This actually works fine if you just want to be know whether objects have changed, but you are likely to want more than that. It is nice to know what’s been deleted too. While were about it, it is nice to see if something has been renamed or added.

This can all be achieved reasonably easy by querying the metadata, but unlike a database comparison tool, it can do little more than tell you what has changed rather than the way it has changed. It has a different objective. It gives you just the overview to track changes in a particular build. If you want to compare different builds, you can ‘t use it because the object_ids will be different. You’ll need to use a database comparison tool because the information you want to use is lost.

The problems with this technique come from the fact that some database components such as indexes, columns, parameters and distribution statistics aren’t considered to be objects, because they are parts of other objects, tables or routines in this case. When, for example, a column changes, the whole table changes and its last-modified date is changed to the time that the column was modified. However, some objects that are parts of other objects such as primary keys and constraints are considered to be objects in their own right. Sometimes they roll their updated modification date back to the parent object. Sometimes, rarely, they don’t. When a foreign key constraint is changed, both participating tables are flagged as being modified, which isn’t entirely intuitive.

Nowadays it is easier to use Extended Events to track database changes, but this requires a session to be running at the time to capture the event. If this isn’t possible, then the default trace may have the information. On the other hand, this may have been switched off, or the data may have got lost. This happens if the background noise of maintenance tasks drowns out the database modifications you want to track by pushing them out of the current default trace log. It is useless if you want to study the history of changes in a build.

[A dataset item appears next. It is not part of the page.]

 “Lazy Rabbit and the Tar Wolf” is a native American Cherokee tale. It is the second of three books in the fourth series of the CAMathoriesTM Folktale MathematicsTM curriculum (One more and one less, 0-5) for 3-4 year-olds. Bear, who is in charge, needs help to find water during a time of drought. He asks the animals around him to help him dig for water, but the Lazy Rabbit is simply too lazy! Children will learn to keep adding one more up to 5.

In order to track database changes, you need to understand the thinking behind the way that the various database components are recorded in the system views. Objects that don’t have parents are typically views, table valued functions, stored procedures, service queues, inline table valued functions, tables and scalar functions. On the other hand, check constraints, default constraints, foreign key constraints, primary key constraints, sql triggers, and unique constraints have parents, and have no independent existence beyond their parent object. When the parent is deleted, so are the children. However Columns, parameters and indexes aren’t considered to be objects, just attributes of objects, so can only be tracked by their ids together with the object IDs of their associated objects.

Why bother with all this? If you maintain a single build, merely making changes to it for every internal release, then you can preserve just the values of the objects name, object_id, modify_date and parent_object_id in a database somewhere. If you do that for every integration, then you have the means to list out all the changes between any two releases. Hmm. I wonder what has changed since the beginning of May? (click click click.) Hmm. OK, it doesn’t tell you how it has changed, but it narrows it down! Another use: At the beginning of a day’s work, you save those four columns from the sys.objects table. At the end of the day, you run the query which identifies the changes. This allows you to script out all the changed objects into source control. With SMO (sqlserver), you can do it all automatically once you’ve devised a script to do it.

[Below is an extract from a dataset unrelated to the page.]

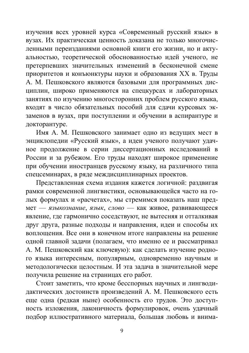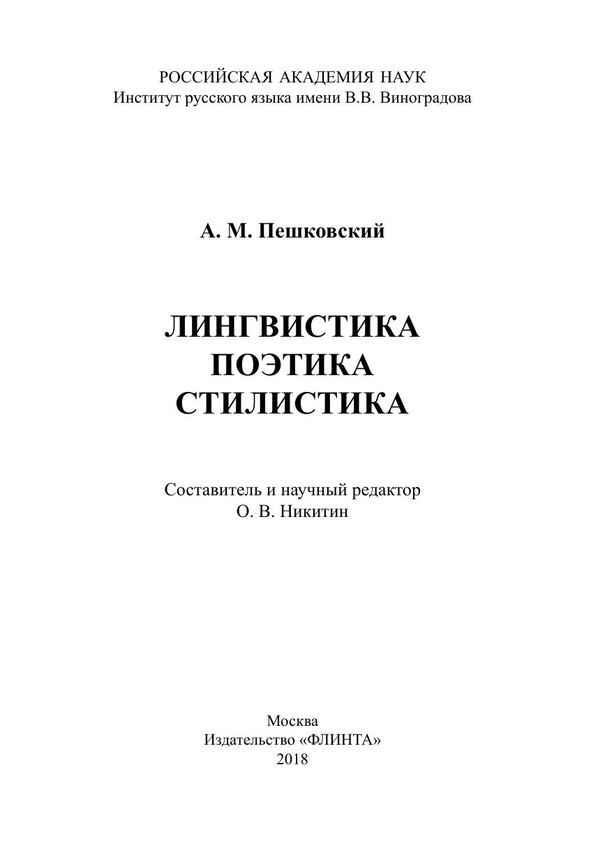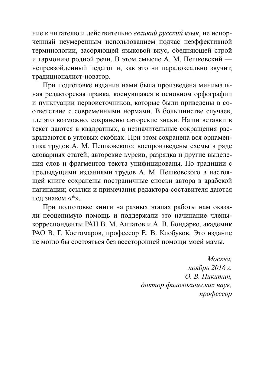 Впервые собранные вместе наиболее значительные труды по современному языкознанию и стилистике классика отечественной филологии проф. А. М. Пешковского (1878—1933) содержат базовые положения для основных курсов лингвистических дисциплин в школе и вузе, раскрывают опорные проблемы: современный русский язык, его уровни, языковая норма, коммуникативная система, стилистика, язык художественной литературы и др., дополняют и расширяют представления о родном языке, приобщают к словесной культуре.

I started on this routine in order to monitor changes being made to clones, using SQL Clone. In this case, it is easy to save a json file with the required columns to disk when creating the image and use that to check on what has changed with each clone. One could even report on when the changes were made.

The table value you need in order to do comparisons is easily illustrated by using Adventureworks, but any database will do, obviously.

You can create a table to store these in, or maybe store them on disk. We’ll show the former method. Here is an example of such a table

… then you can take an ‘insta-record’ of the state of a database (Adventureworks2016 in this case)

… and reference them later. You could, if you want, just get a count of just the modifications

This will tell you the number of database objects that have changed. However, I guess you’d want more than that. This involves several comparisons between the two table values of objects so you either need a CTE or some table variables.

I’ve given a CTE version of the code in an article I’ve written elsewhere that describes how I went about the chore of testing the development of the code for this. However, that is only capable of comparing two databases on the same server. It is more useful if could compare with a JSON string, or file-based data. The best performance and versatility comes from an inline table-valued function. Here we first create the table type and table-valued function before preparing the data and passing it to the function. OK, it may look slightly cumbersome, but it is quick.

I’ve taken the original from a version stored in a DatabaseObjectReadings table. I made a copy of AdventureWorks 2016, and ran a few deletions and modifications on it to test it out. Naturally, you can compare two versions of the same build of a database when you have neither of them, just a record of relevant columns in sys.objects.

Now we can use this function do check on the difference between any two saved versions of the database or the current state of the database.

We can sort this another way, but this is the most obvious way because it groups the members of each schema together, and lists each object together with the child object that has changed, the parent first followed by the children.

You could, conceivably, do better by adding the details of the columns, indexes and so on that are related to these. However, that’s not the objective here because I just want to know what object is affected by the modification and I already know that. If you want all that stuff, you can buy a SQL Comparison tool!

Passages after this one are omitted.